Supplied information:
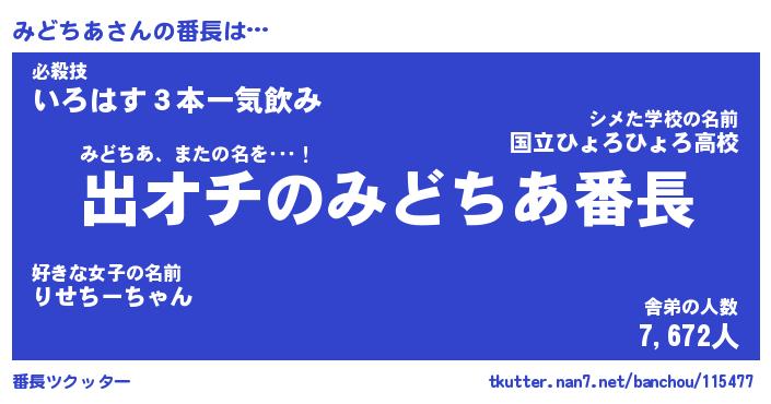 | 意味不明あだ名 | 『ペロリンみどちあ』『永久保存みどちあ』 |
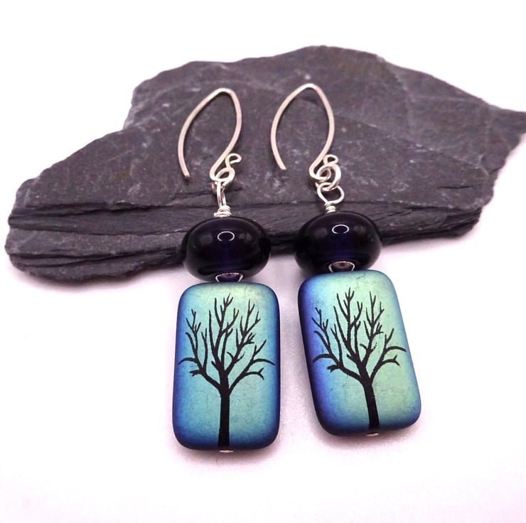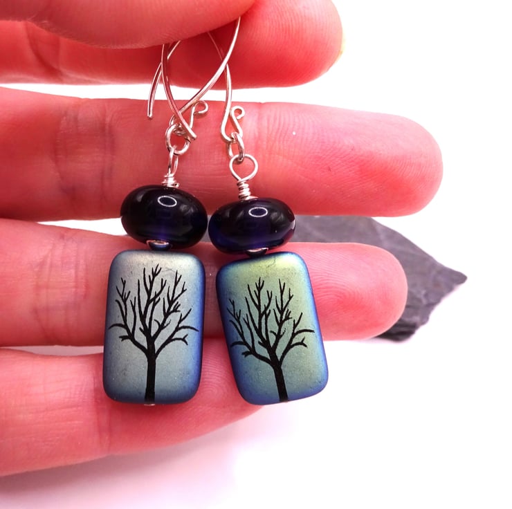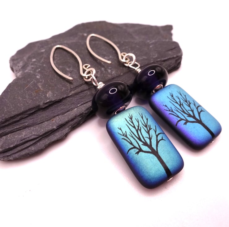 A pair of earrings made with handmade sterling silver ear wires, handmade lampwork purple glass beads and Czech glass tree beads.
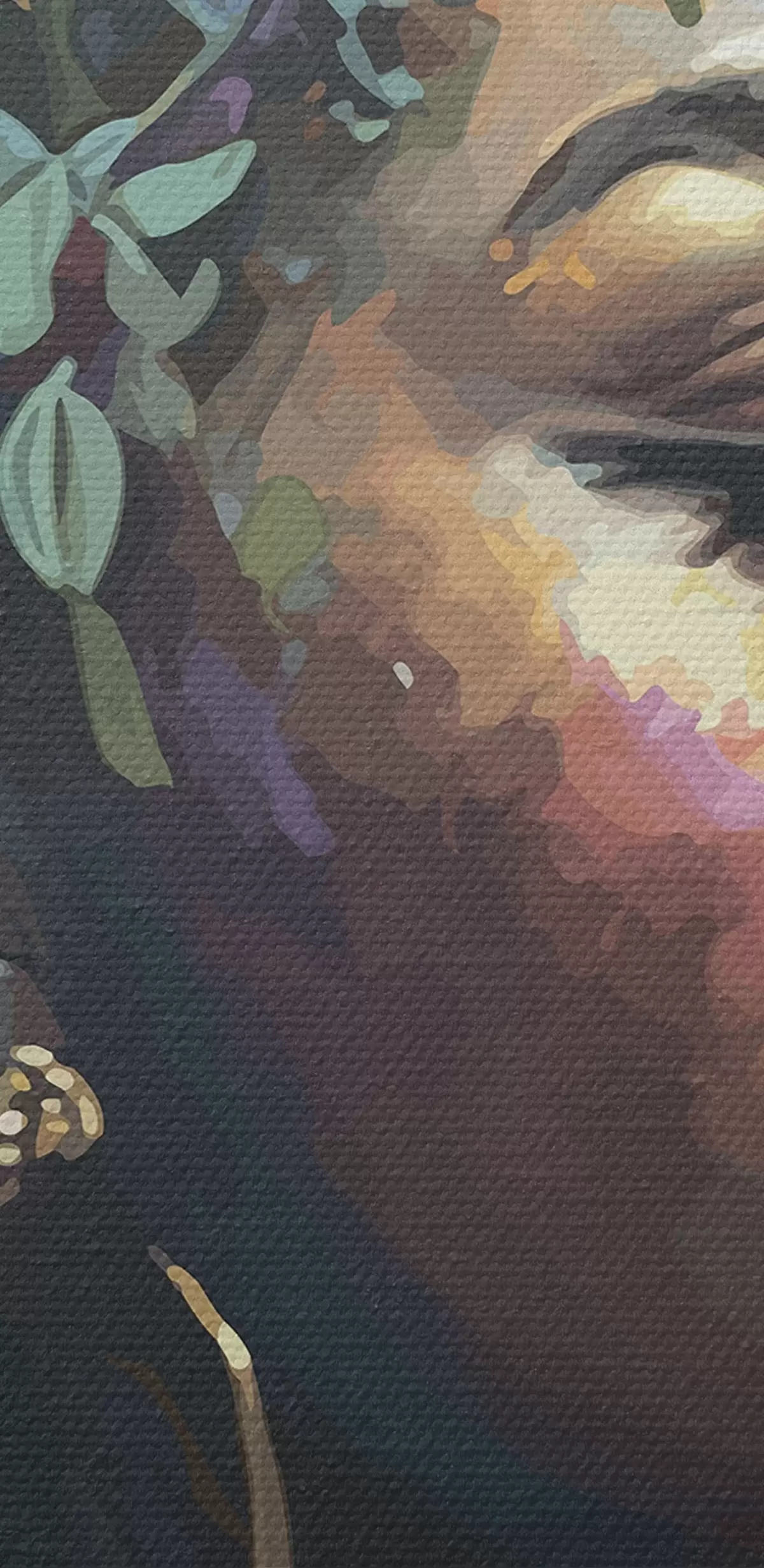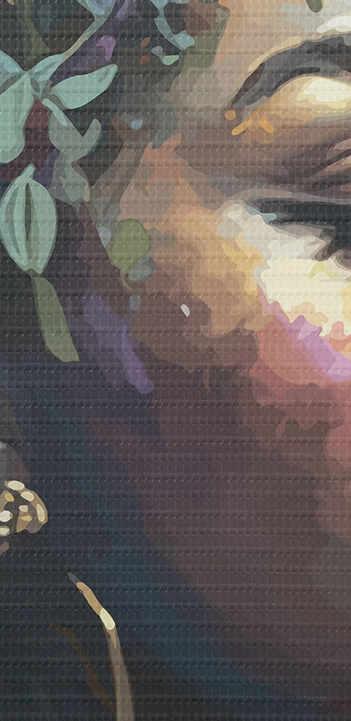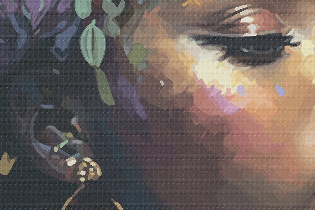 Selle lõuendi peenike niidipunus meenutab professionaalse kunstniku lõuendi pinda.

Task brief: Copy out the material exactly as it stands, though no picture should appear in the copy.

Answer box:
 | 意味不明あだ名 | 『ペロリンみどちあ』『永久保存みどちあ』 |
 A pair of earrings made with handmade sterling silver ear wires, handmade lampwork purple glass beads and Czech glass tree beads.
 Selle lõuendi peenike niidipunus meenutab professionaalse kunstniku lõuendi pinda.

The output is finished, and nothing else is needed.